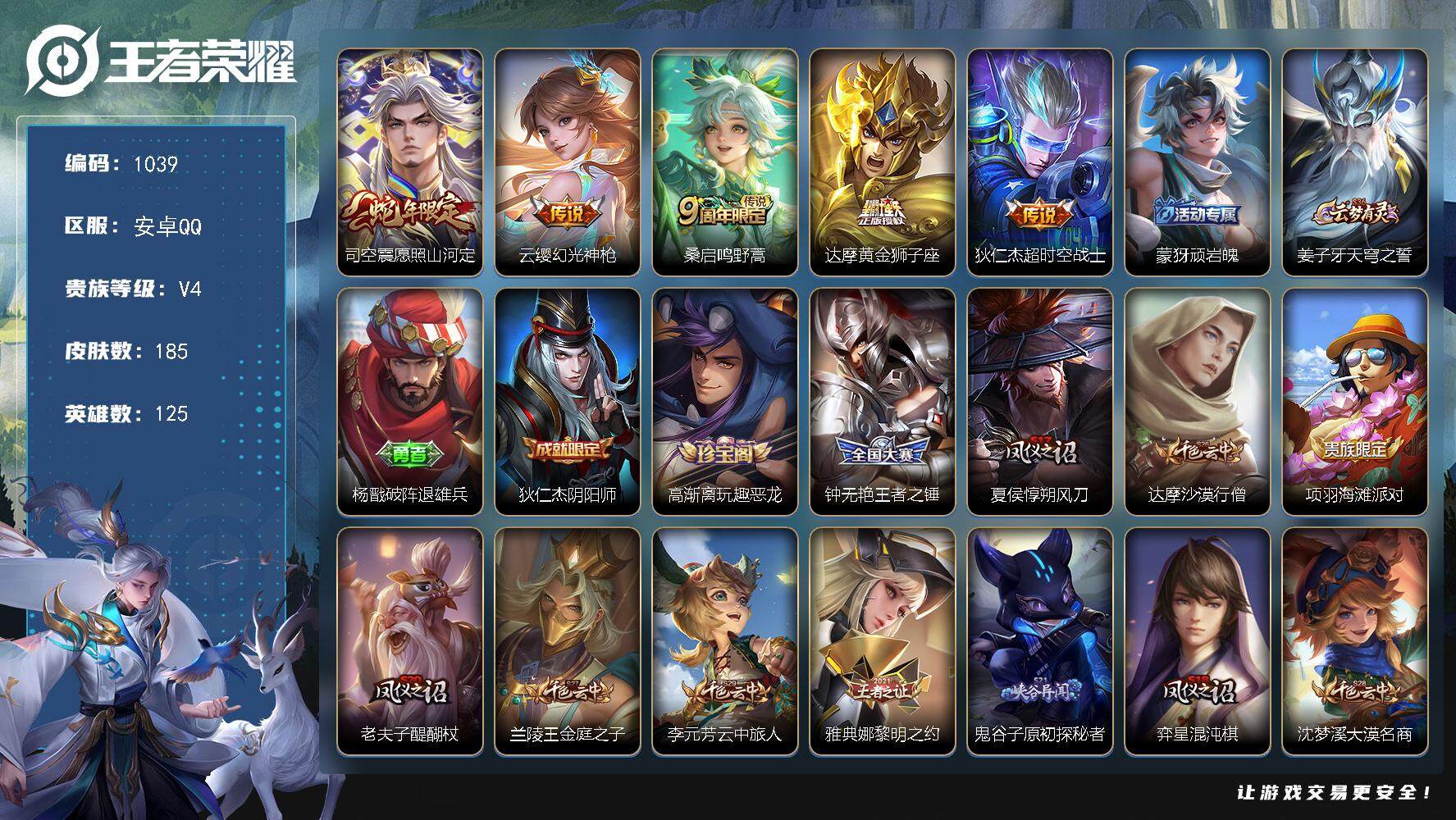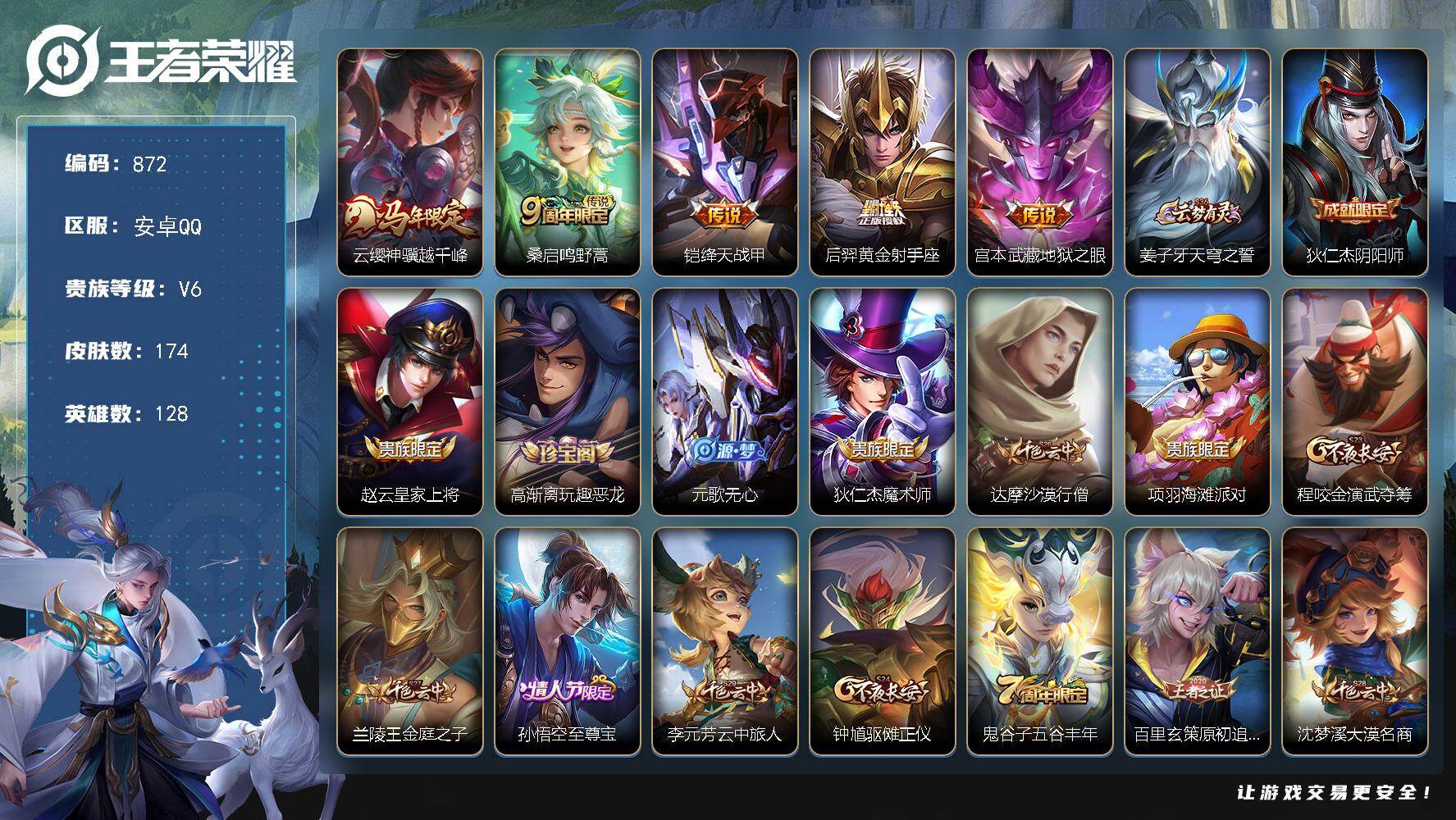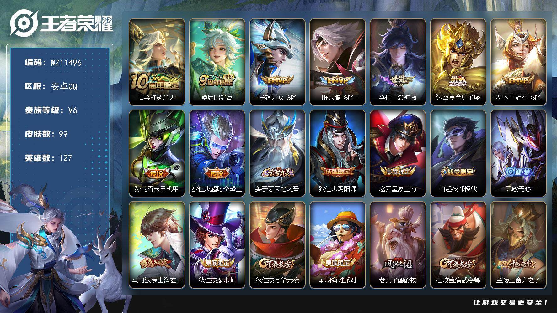 安卓Q-V6-永恒钻石I段位-127英雄-99皮肤-9传说-31史诗【英雄全
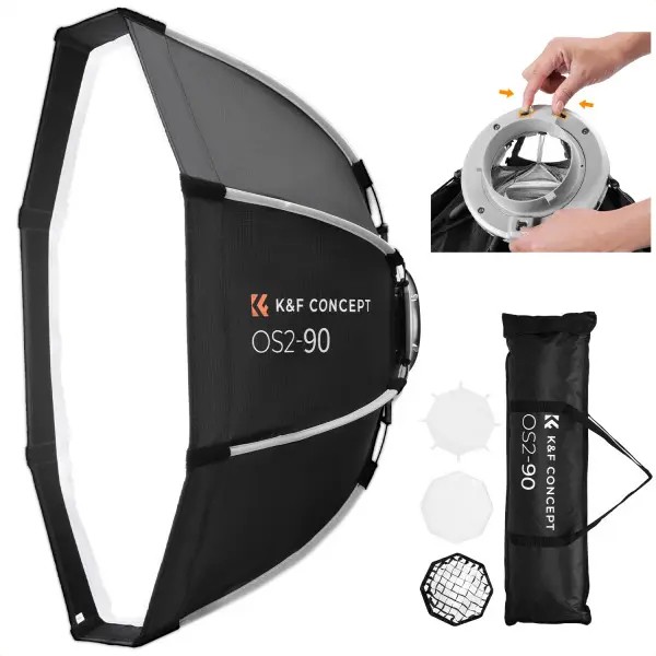 Die K&F CONCEPT 90 cm flache achteckige Softboxist ein schnell aufzubauender Lichtmodifikator mit Bowens-Halterung, der für eine weiche, gleichmäßige Ausleuchtung mit natürlichen runden Catchlights entwickelt wurde und sich somit ideal für Porträts, Modeaufnahmen, Interviews und Außenaufnahmen eignet.
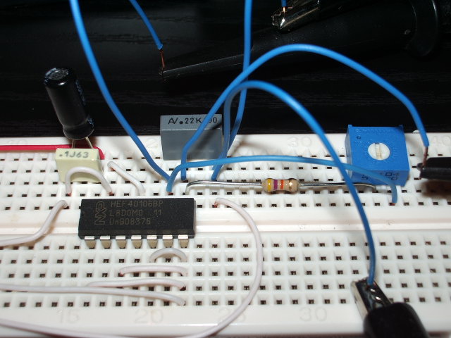 Allora non ci resta che sperimentare il circuito su BreadBoard. Dispongo di un CD40106 e questo uso:
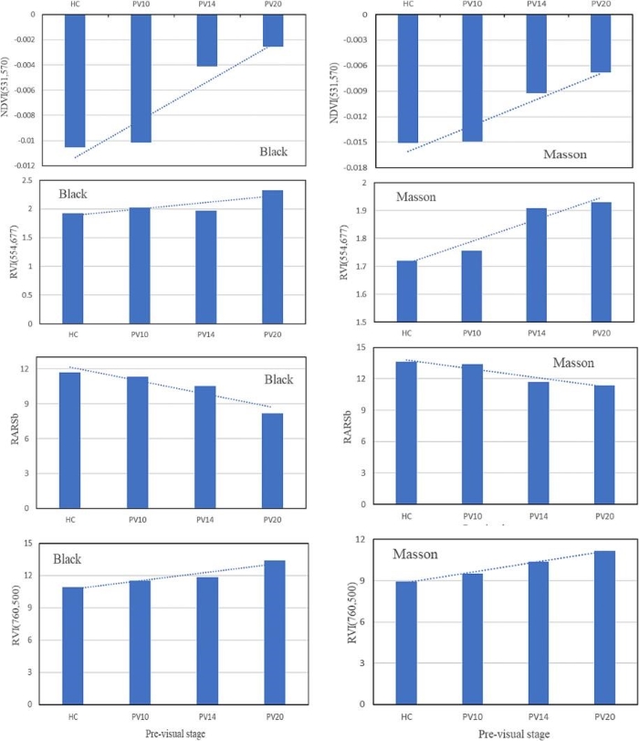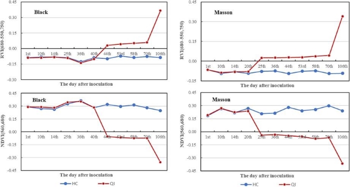 分析了自接種之日起RVI(680-550, 750)和NDVI(560, 680)的時間動態(tài),在疾病進展過程中,兩個指數(shù)的變化趨勢與非成像數(shù)據(jù)分析的結(jié)果一致。就兩個指數(shù)值的變化時間而言,馬尾松比黑松更快地進入視覺上可辨別的變色階段。這種疾病的進展與對接種樹木的實地調(diào)查結(jié)果一致。此外,與非成像數(shù)據(jù)分析的結(jié)果一致,這兩個指標(biāo)雖然表明區(qū)分了視覺前階段和視覺階段,但在視覺前階段,患病樹木和健康樹木之間的差異很小,使其不足以識別這一階段的患病樹木。
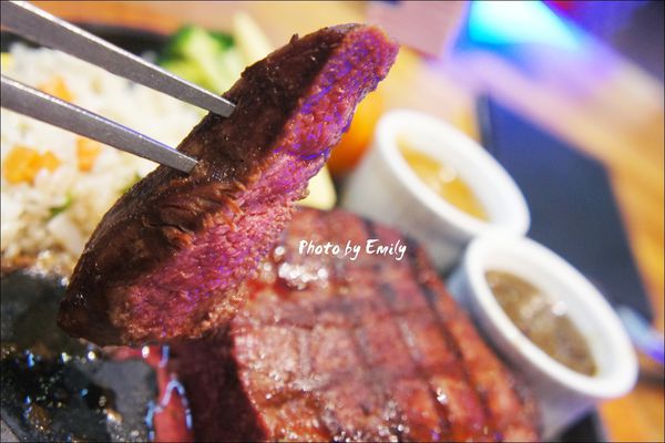 當一刀切下,甜美肉汁頃刻汨汨流出,鐵板煎烤後的美味,讓牛排呈現微焦樣貌
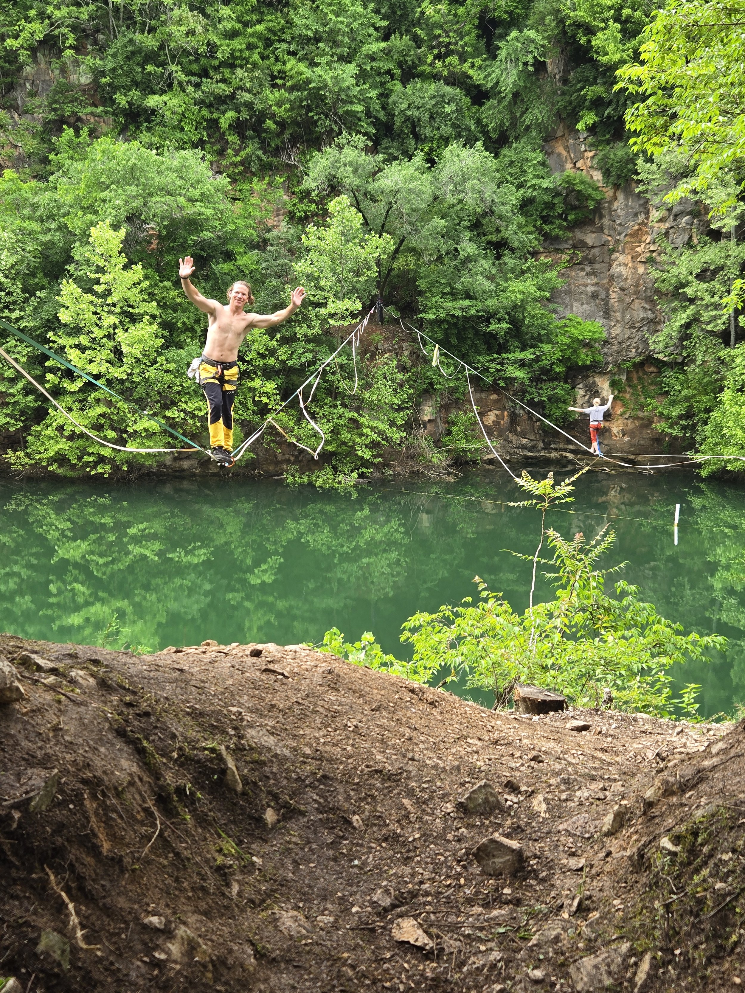 Featured Showcase on two high slacklines strung above the Quarry
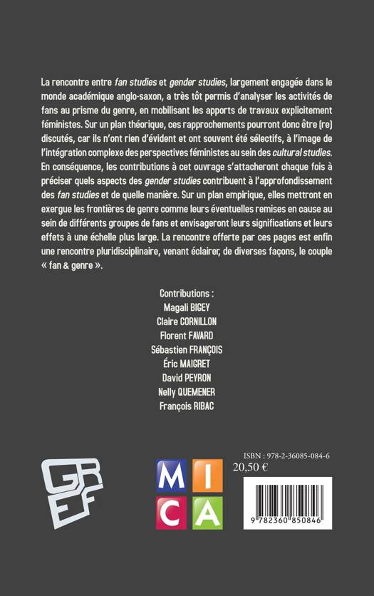 la rencontre entre "fan studies" et "gender studies", largement engagée dans le monde académique anglo-saxon, a très tôt permis d'analyser les activités de fans au prisme du genre, en mobilisant les apports de travaux explicitement féministes. Ces contributions s'attacheront à préciser quels aspects des gender studies contribuent à l'approfondissement des fan studies et de quelle manière.
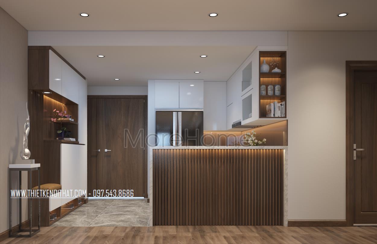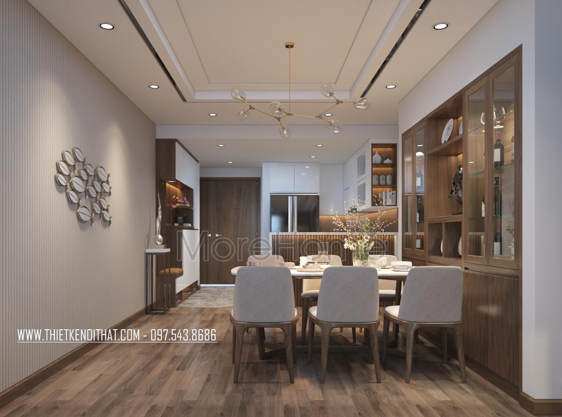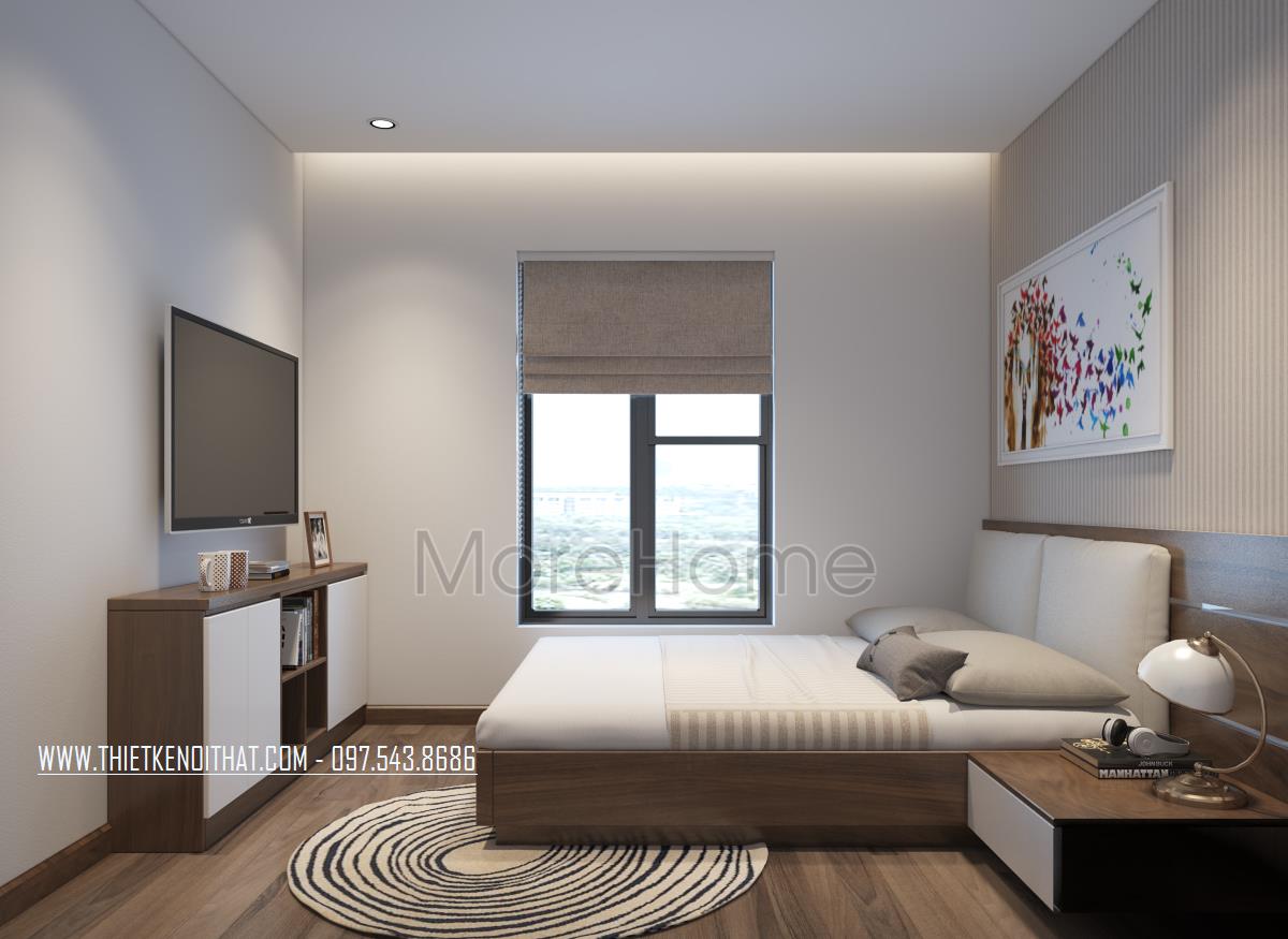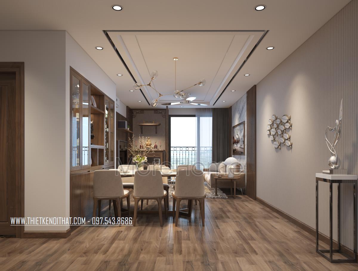 Thiết kế nội thất gỗ chung cư Mandarin Garden 2 mang phong cách hiện đại là thiết kế sử dụng hầu hết các thanh ngang đơn giản, không cầu kỳ trong chi tiết hay trạm khắc. Nhờ đặc điểm như vậy mà thiết kế trở nên rất gọn gàng, tiết kiệm khá nhiều diện tích sử dụng, bên cạnh đó, màu sắc trẻ trung, tinh tế cũng việc sử dụng các vật liệu nhẹ như kính cường lực, gỗ tự nhiên, giấy dán tường,… giúp tạo sự tươi mới cho không gian.
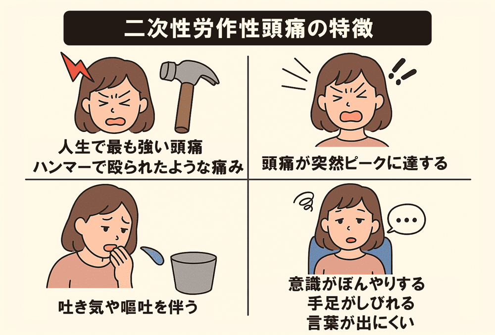 しかし、症状が急激で強烈な場合や、神経症状を伴う場合には「二次性労作性頭痛」を疑い、早急な受診が必要です。
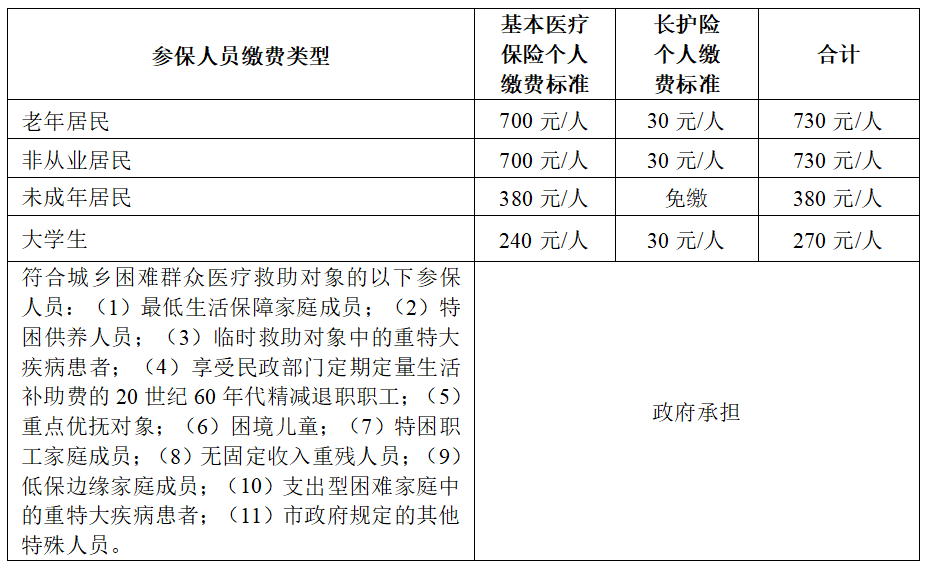 一、城乡居民基本医疗保险(以下简称“居民医保”)参保对象及缴费标准
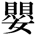 会意。嬰は「女+貝二つ(貝を並べた首飾り)」。首飾りをつけた女の子のこと。また、えんえんとなくあかごのなき声をあらわす擬声語とも考えられる。

===

> Task instructions: Retype word for word all the material given above, and keep the pictures out.

> Response below:
 安卓Q-V6-永恒钻石I段位-127英雄-99皮肤-9传说-31史诗【英雄全
 Die K&F CONCEPT 90 cm flache achteckige Softboxist ein schnell aufzubauender Lichtmodifikator mit Bowens-Halterung, der für eine weiche, gleichmäßige Ausleuchtung mit natürlichen runden Catchlights entwickelt wurde und sich somit ideal für Porträts, Modeaufnahmen, Interviews und Außenaufnahmen eignet.
 Allora non ci resta che sperimentare il circuito su BreadBoard. Dispongo di un CD40106 e questo uso:
 分析了自接種之日起RVI(680-550, 750)和NDVI(560, 680)的時間動態(tài),在疾病進展過程中,兩個指數(shù)的變化趨勢與非成像數(shù)據(jù)分析的結(jié)果一致。就兩個指數(shù)值的變化時間而言,馬尾松比黑松更快地進入視覺上可辨別的變色階段。這種疾病的進展與對接種樹木的實地調(diào)查結(jié)果一致。此外,與非成像數(shù)據(jù)分析的結(jié)果一致,這兩個指標(biāo)雖然表明區(qū)分了視覺前階段和視覺階段,但在視覺前階段,患病樹木和健康樹木之間的差異很小,使其不足以識別這一階段的患病樹木。
 當一刀切下,甜美肉汁頃刻汨汨流出,鐵板煎烤後的美味,讓牛排呈現微焦樣貌
 Featured Showcase on two high slacklines strung above the Quarry
 la rencontre entre "fan studies" et "gender studies", largement engagée dans le monde académique anglo-saxon, a très tôt permis d'analyser les activités de fans au prisme du genre, en mobilisant les apports de travaux explicitement féministes. Ces contributions s'attacheront à préciser quels aspects des gender studies contribuent à l'approfondissement des fan studies et de quelle manière.
 Thiết kế nội thất gỗ chung cư Mandarin Garden 2 mang phong cách hiện đại là thiết kế sử dụng hầu hết các thanh ngang đơn giản, không cầu kỳ trong chi tiết hay trạm khắc. Nhờ đặc điểm như vậy mà thiết kế trở nên rất gọn gàng, tiết kiệm khá nhiều diện tích sử dụng, bên cạnh đó, màu sắc trẻ trung, tinh tế cũng việc sử dụng các vật liệu nhẹ như kính cường lực, gỗ tự nhiên, giấy dán tường,… giúp tạo sự tươi mới cho không gian.
 しかし、症状が急激で強烈な場合や、神経症状を伴う場合には「二次性労作性頭痛」を疑い、早急な受診が必要です。
 一、城乡居民基本医疗保险(以下简称“居民医保”)参保对象及缴费标准
 会意。嬰は「女+貝二つ(貝を並べた首飾り)」。首飾りをつけた女の子のこと。また、えんえんとなくあかごのなき声をあらわす擬声語とも考えられる。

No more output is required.